Aim of the task
Please reproduce, exactly as given, the lines running from the start of the data to the line containing "6.与中控对接 7.Dante传输 8.同声传译 9.本地扩音 10.双机热备份", inclusive, and omit the pictures.

== Segment start ==

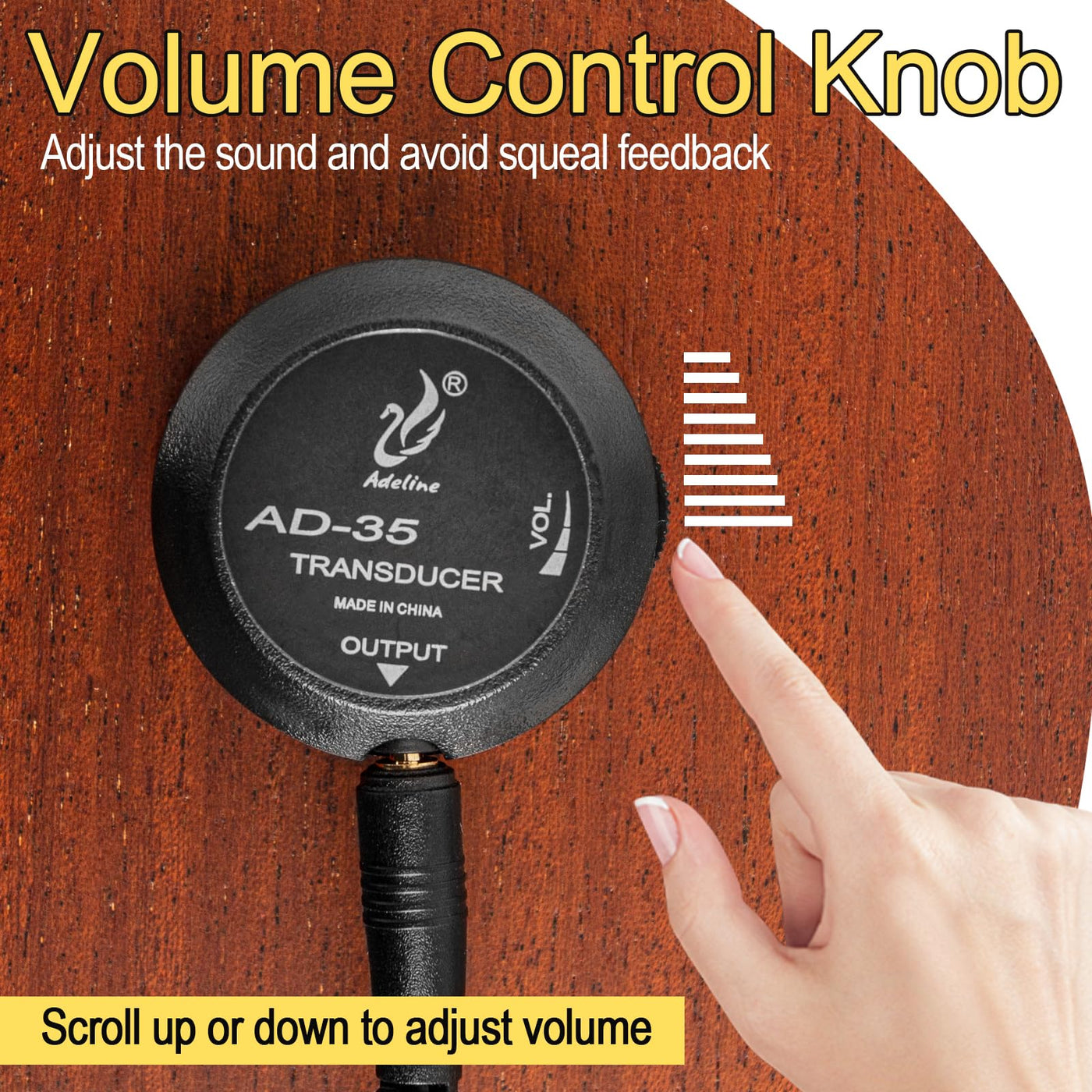 - Q: How does the volume control work on this pickup? A: The pickup features an adjustable volume control knob that allows you to determine the sound level before connecting to an amplifier, helping to avoid feedback.
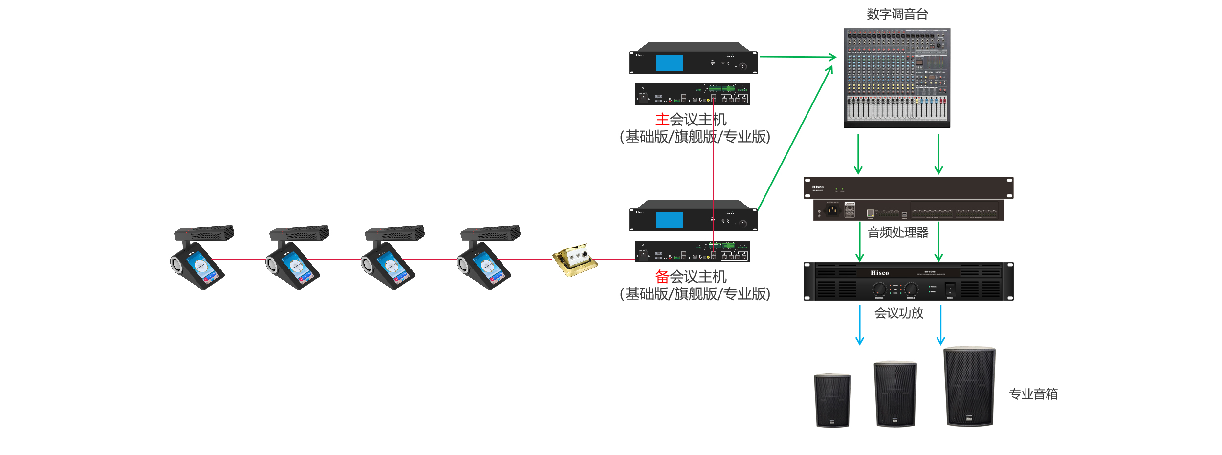 6.与中控对接 7.Dante传输 8.同声传译 9.本地扩音 10.双机热备份
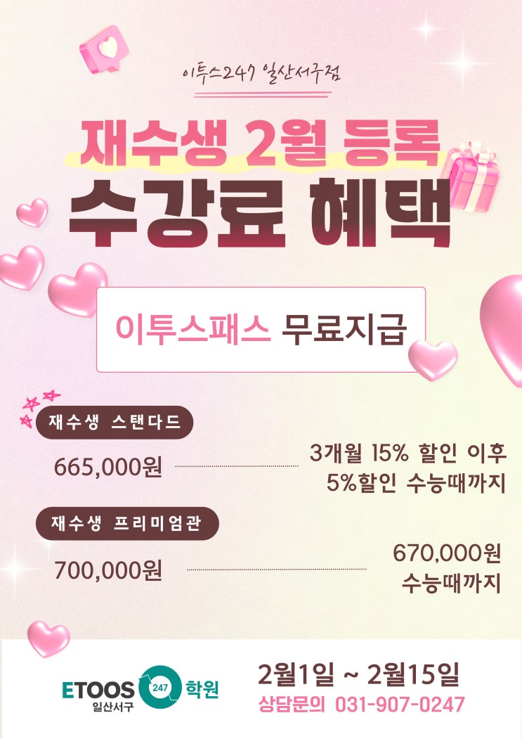 안녕하세요. 이투스247 일산서구점입니다. 재수생 2월 등록 수강료 혜택 안내 드립니다. 2월15일까지 등록할 경우 프리미엄관 700,000원 -> 3만원 할인 670,000원 (수능때까지 계속) 스탠다드실 665,000원 -> 15% 할인 (3개월) 565,250원 (수능때까지 5% 할인 적용) 이투스패스까지 제공됩니다. 감사합니다. <img src="https://blogthumb.pstatic.net/MjAyNjAxMjdfNDYg/MDAxNzY5NDg5MjI2OTUx._HHNVWkEo_Oj727KMJUJR1v7HuSvwF2HeHqxCfwCh2Ag.6OK_mJxMpKOLyCNvbTiDQcgEYgMYt1tAn3xKBxBVoKcg.JPEG/afasefa.jpg?type=s3" />
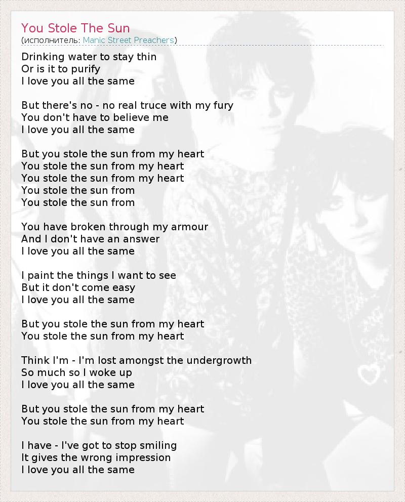 А как ты думаешь, о чем песня "You Stole The Sun" ?
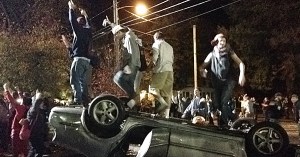 WMUR-TV in Manchester showed video of a crowd overturning a car, people running from tear gas clouds, street signs being torn down and fires burning in the streets. Police also investigated reports of people throwing glass bottles and fireworks, jumping off a roof and banging on cars.
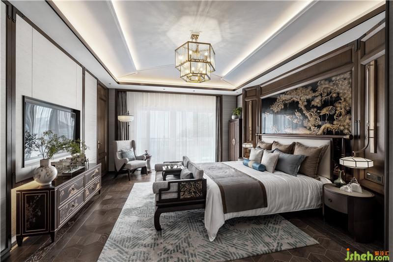 松與鶴喻性高潔,主臥背景墻金箔藝術(shù)漆畫松鶴圖,顯露一家之主對“德”的看重,也是兒孫傳承、家族延續(xù)的核心,“德不孤,必有鄰”,不必陋室,一言一行,一器一物,皆是彰顯。
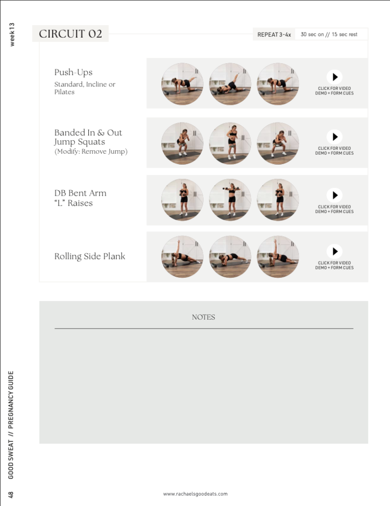 Pulled from Week 13 of my Pregnancy Guide, this one is quick and effective. Modify the workout for your needs, whether that means skipping push-ups altogether or intensifying the workout by opting for standard push-ups instead of Pilates push-ups.
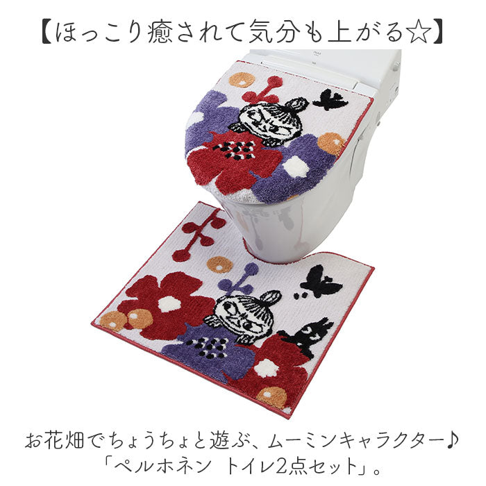 ・お花畑でちょうちょと遊ぶ、ムーミンキャラクター♪「ペルホネン トイレ2点セット」。
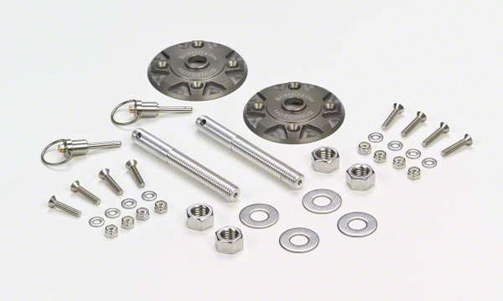 Replace those old, rusty chrome hood pins on your Nova with a pair of ultra trick, CNC machined aluminum hood pins from Hotchkis Sport Suspension. The hard annodized finish gives a high tech look to your car. The kit comes complete with aluminum pins, stainless hardware, hood pin plates, and an aluminum quick release pin. The universal design makes it a great update for any Nova.
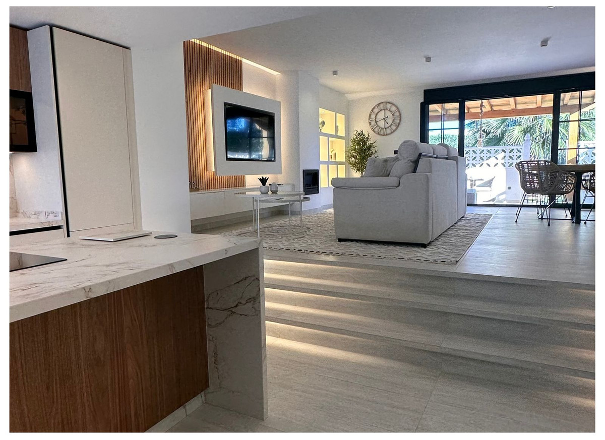 Located in a prime area, this stunning villa has been fully renovated, offering the perfect combination of elegant design, spaciousness, and functionality. With an optimized layout and high-quality finishes, this property provides a sense of tranquility and comfort, surrounded by nature and just 5 minutes from the beach.
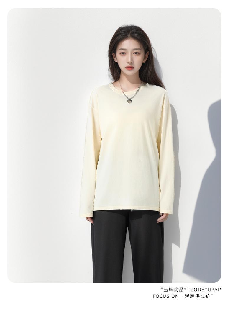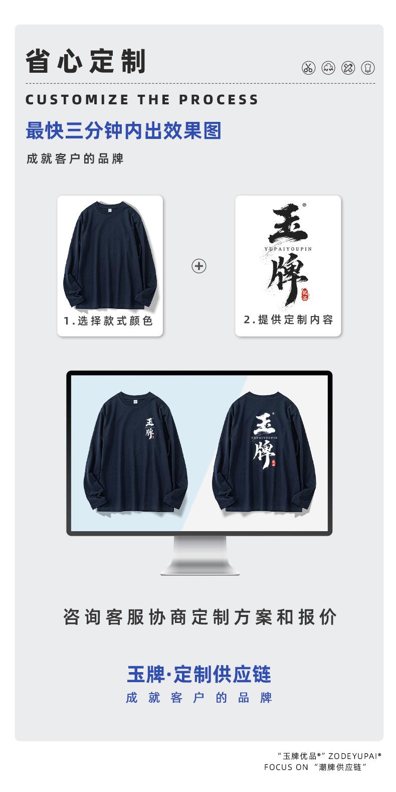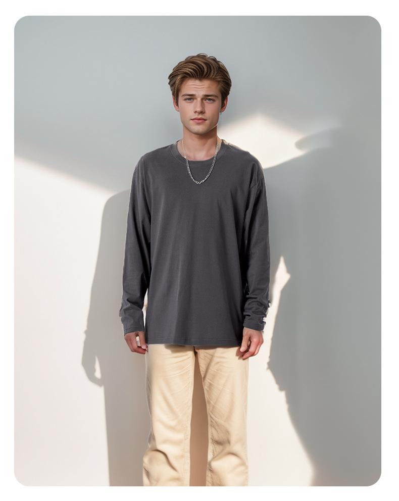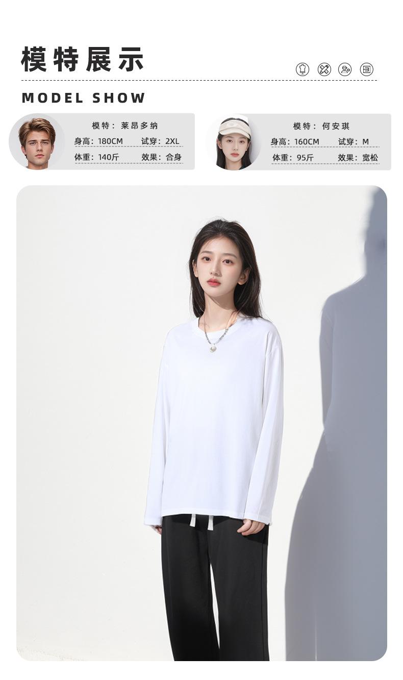 Camiseta de manga larga de algodón peinado con cuello redondo, color sólido y pesado de 260 g, para hombre y mujer, informal, top cultural con logotipo impreso personalizado.
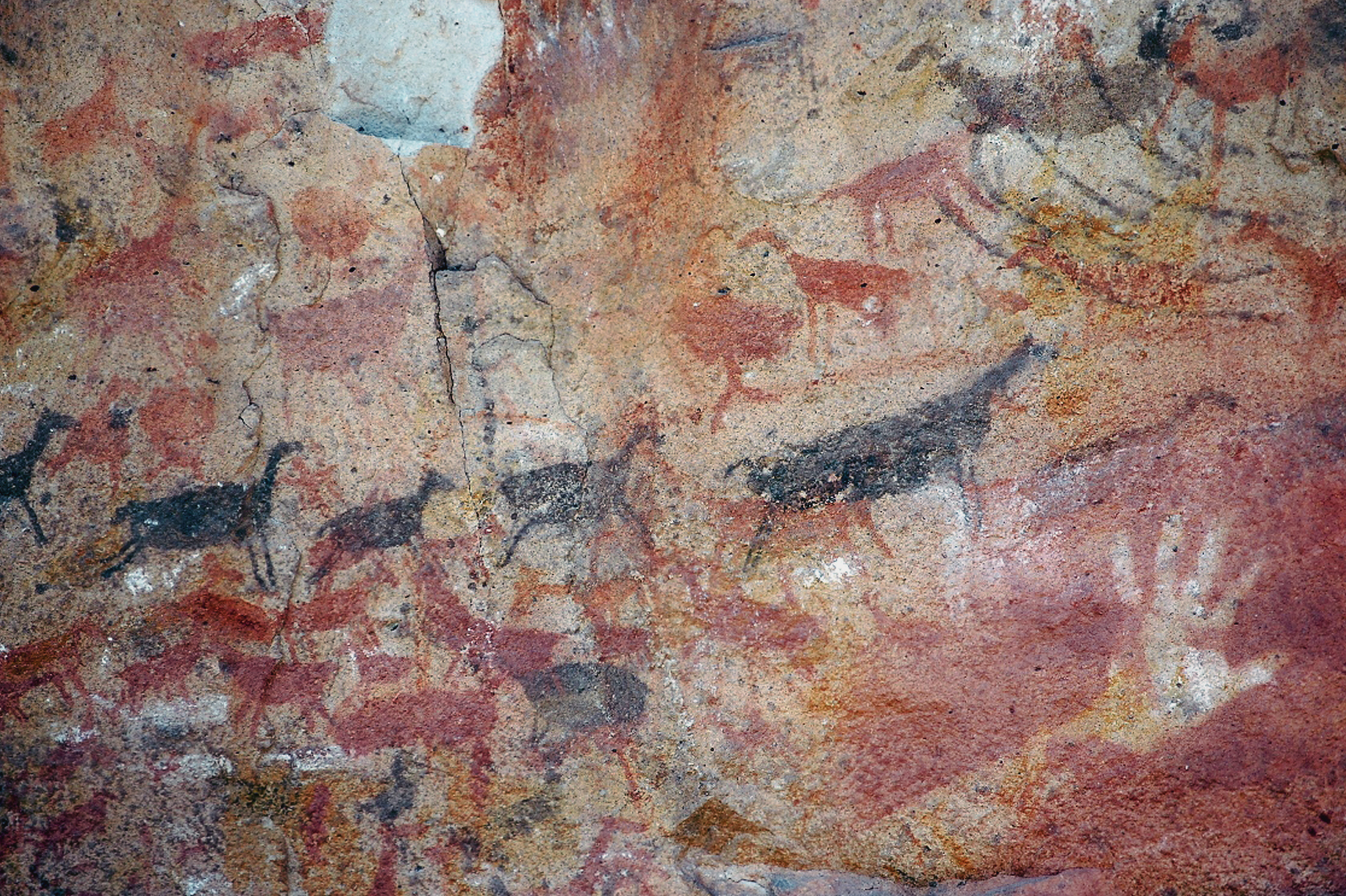 The hunting scenes portray a variety of hunting techniques, including the use of 'bolas' - a throwing weapon made of weights on the ends of interconnected cords, designed to capture animals by entangling their legs. In one panel a crack in the rock is used to represent a ravine that the hunters chase the animals into. Guanacos were the main source of food. Most of the painted hands are left hands, and of a size that resembles that of a 13-year-old boy; this may have been an initiation ceremony.
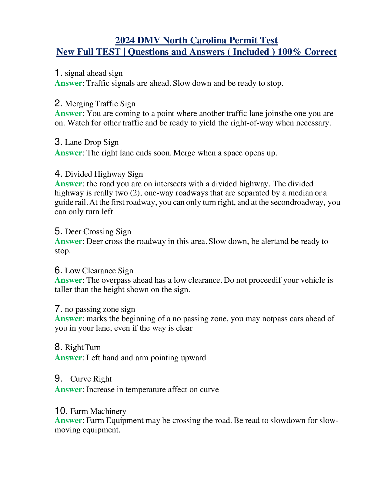NJ DMV > EXAMs > 2024 DMV North Carolina Permit Test New Full TEST | Questions and Answers ( Included ) 100% Correct (All)

== Segment end ==

Completed exercise
 - Q: How does the volume control work on this pickup? A: The pickup features an adjustable volume control knob that allows you to determine the sound level before connecting to an amplifier, helping to avoid feedback.
 6.与中控对接 7.Dante传输 8.同声传译 9.本地扩音 10.双机热备份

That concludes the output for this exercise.